Cost of the Project and Means of Financing ?

Cost of the Project and Means of Financing ?

Cost of the Project and Means of Financing:

Introduction: To assess a project from the financial point of view, information about project cost, financing source, profitability, tax burden and projected financial condition is very important. The cost of a project represents all capital expenditure to be incurred for acquisition of its fixed assets plus the net contribution of long-term resources in the proposed current assets. In other words, the fixed cost of the project plus the net working capital requirement to run the project will comprise its total cost. Once the cost is estimated, the financing plan will have to be worked out on realistic basis.

 

Factors Determining the Cost of the Project  

+ Size of the project.

+ Duration of the project.

+ Ability to complete project within specified time period.

+ Nature of the project.

 

Components of Project Cost :

The requirement of physical assets for a project is essentially an engineering estimate. The analyst should, however, recheck the various cost items detailed in the fixed cost statement given in the technical report. Cost of the project represents the sum of all items of outlay of a project. Although it seems to be a simple term, it conveys different meaning to different part of the organization. The following could be the possible components of a project cost

 

+ Land and site development cost.

+ Cost of the building and civil works.

+ Cost of the plant and machinery.

+ Technical know-how fees.

+ Expense on foreign technicians and cost of training.

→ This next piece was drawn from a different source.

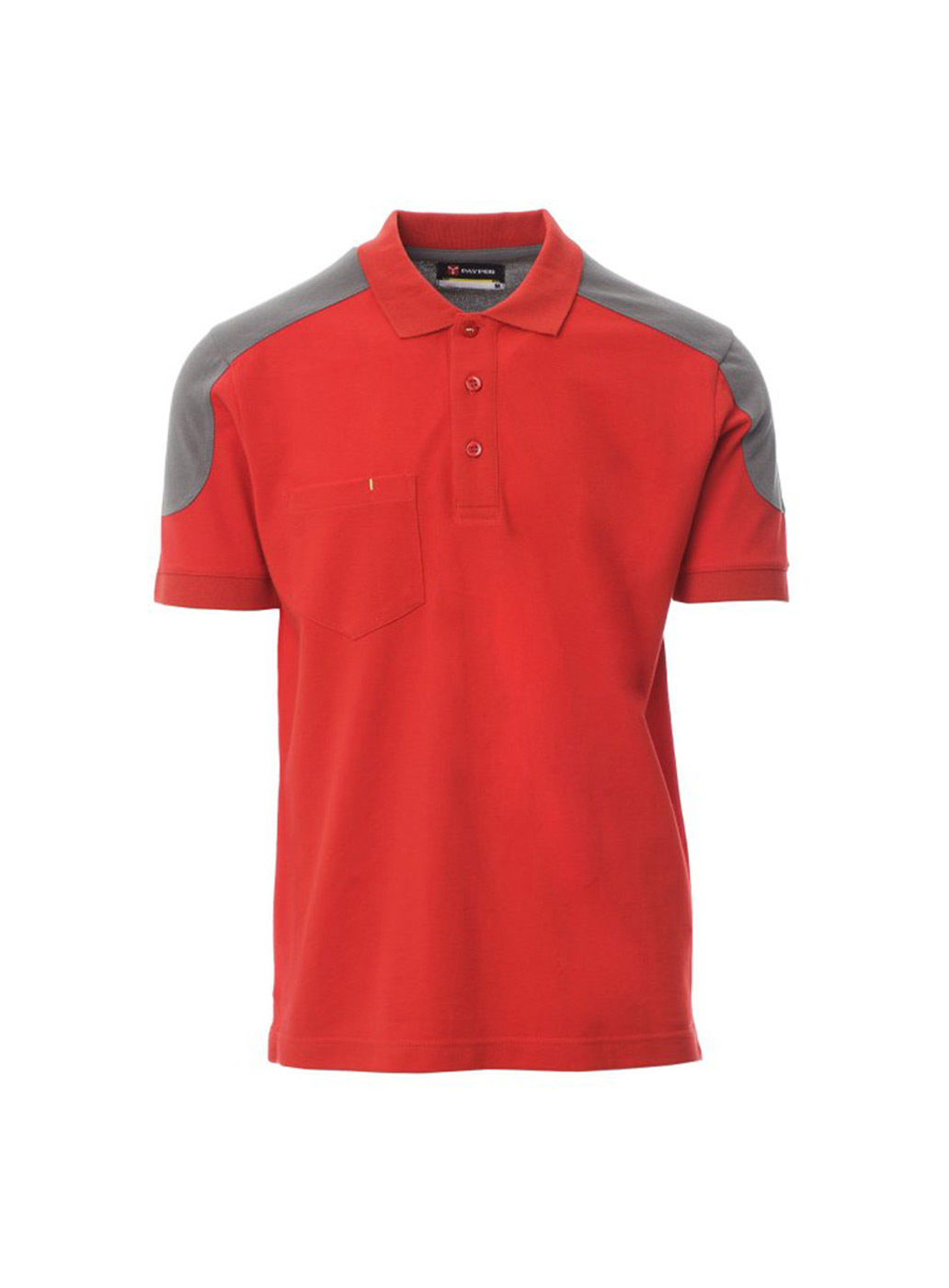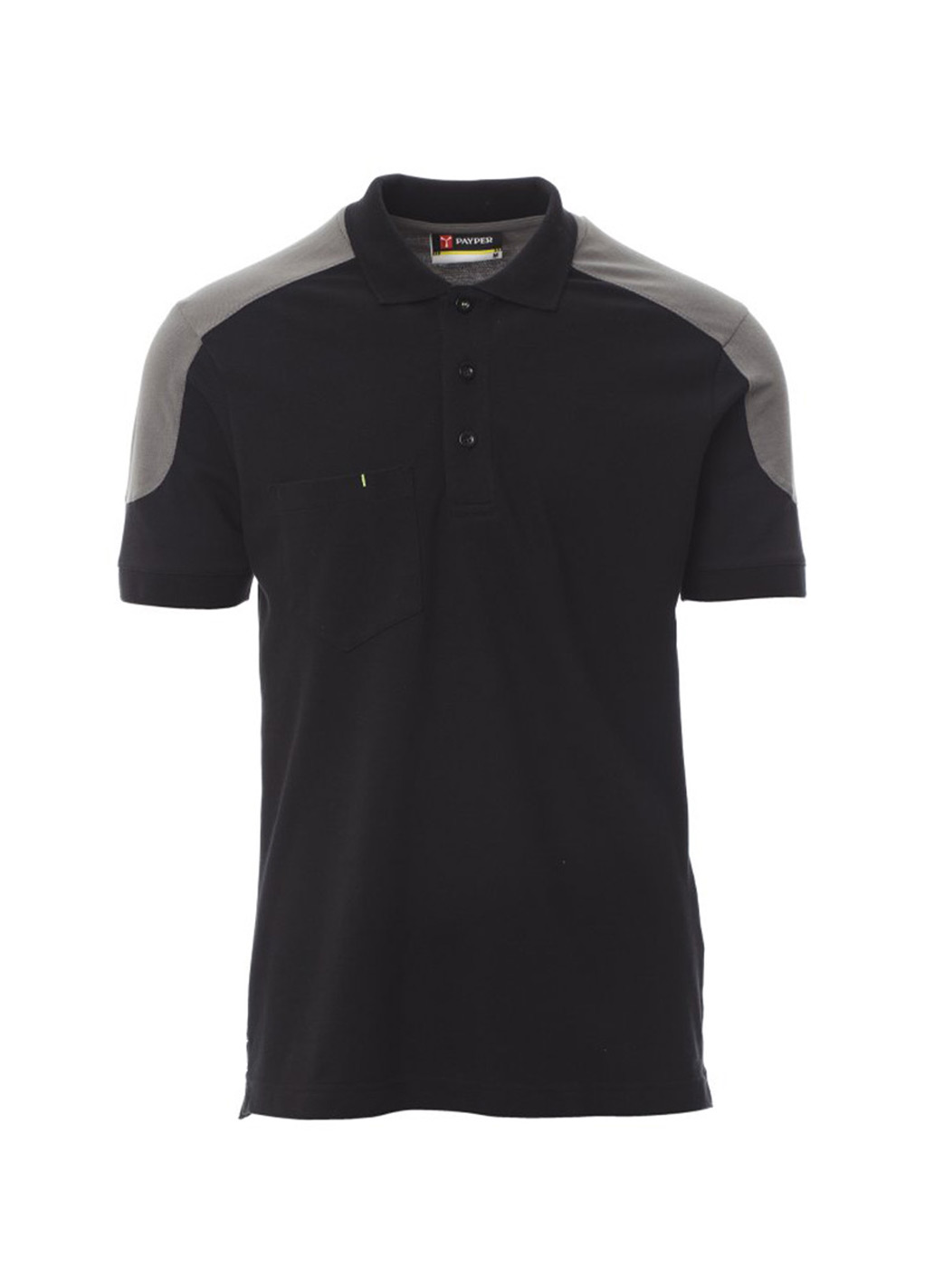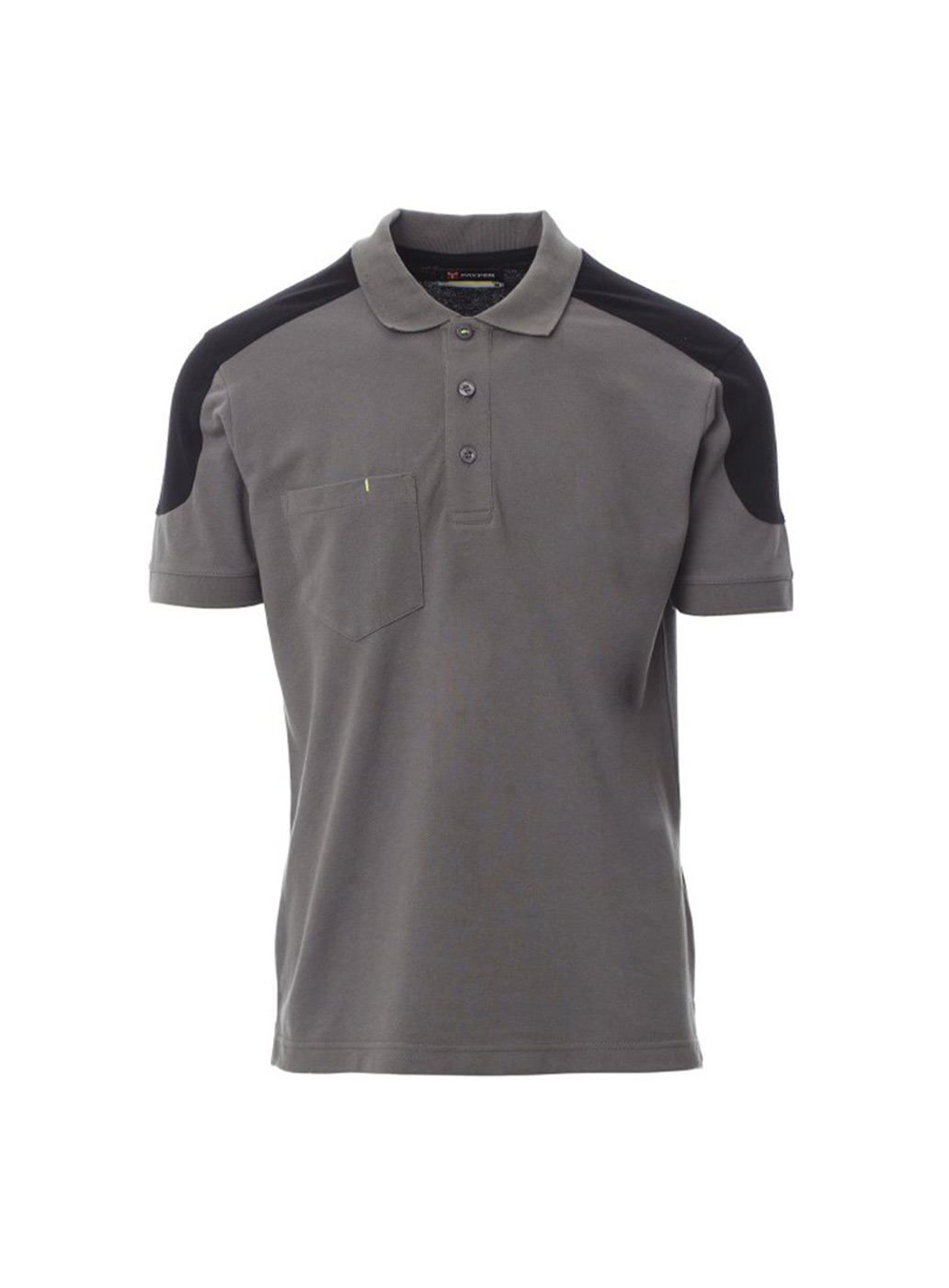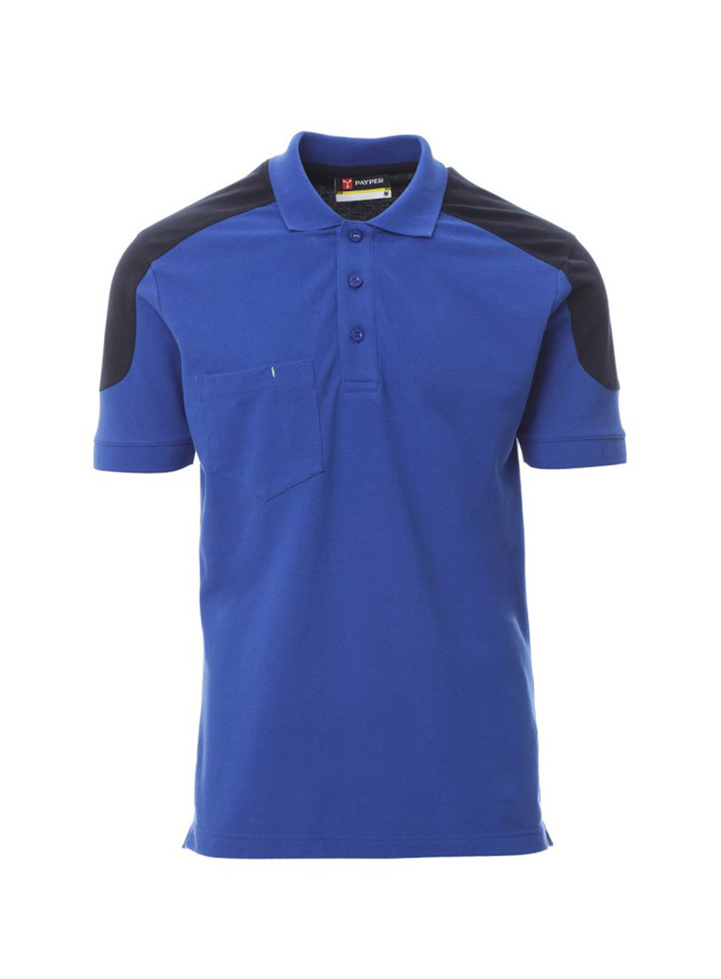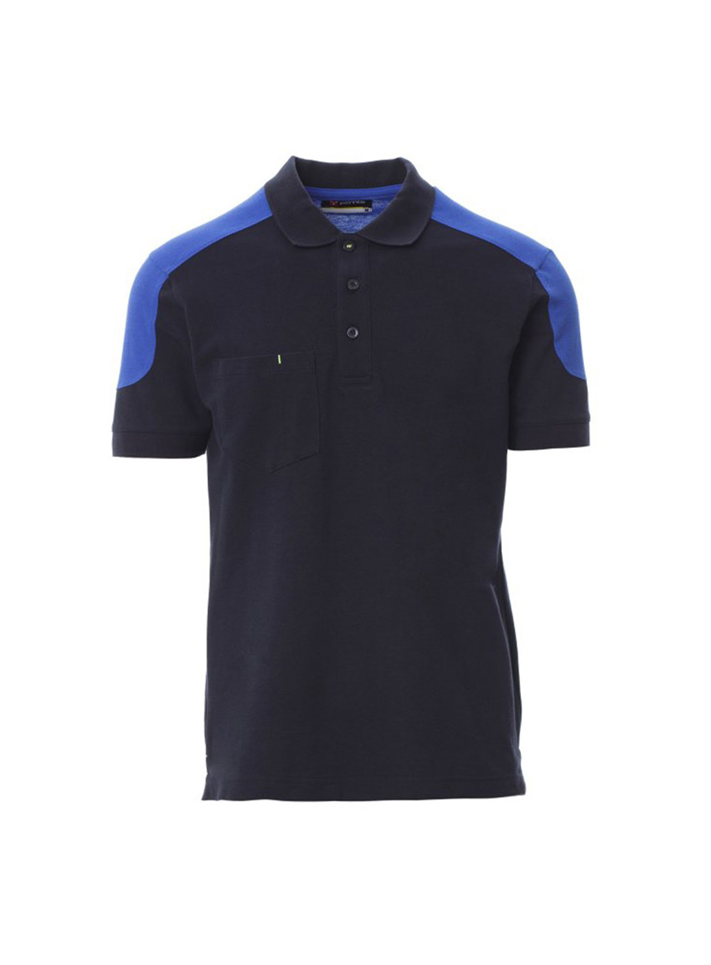 Polo bicolore a manica corta con 3 bottoni in tinta, taschino al petto con portapenna, bordo maniche a costine, spacchetti laterali, cuciture del collo coperte.

+ Miscellaneous fixed assets.

+ Preliminary and capital issue expense.

+ Pre-operative expense.

+ Interest during construction period.

+ Contingency.

+ Margin money for working capital.

 

Means of Financing a Project:

To meet the cost of the project the following sources of finance may be utilized:

 

Equity Financing :

+Fund provided by the sponsors.

+ Issue of ordinary shares: This is the contribution made by the ordinary shareholders, who enjoy the rewards and bear the risks of ownership. However, the liability is limited to their capital contribution.

+ Issue of preference shares: A hybrid form of financing. Preference capital partly takes some characteristics of equity capital and some attributes of debt capital. It is similar to equity because preference dividend like is not a tax-deductible payment. It resembles debt capital because the rate of preference dividend is fixed.

 

Debt Financing:

Term Loans: Term loans, which represent secured borrowing, are presently the most important source of finance for new projects. They carry fixed rate of interest and are repayable over a period of 6 to 10 years in periodic installments.

 

Debt Instruments: Bonds and Debentures, a kind of promissory notes, are debt instruments for raising long-term debt capital. Secured instruments are protected by a charge on the properties of the issuing company.

 

Deferred payment/suppliers credit: Generally, suppliers of the machinery provide deferred credit facility under which payment for the purchase of machinery can be made over a period of time. The interest rate on deferred credit and the period of payment vary rather widely. Normally, the supplier of machinery when offers deferred credit facility insists that the buyer should furnish the bank guarantee.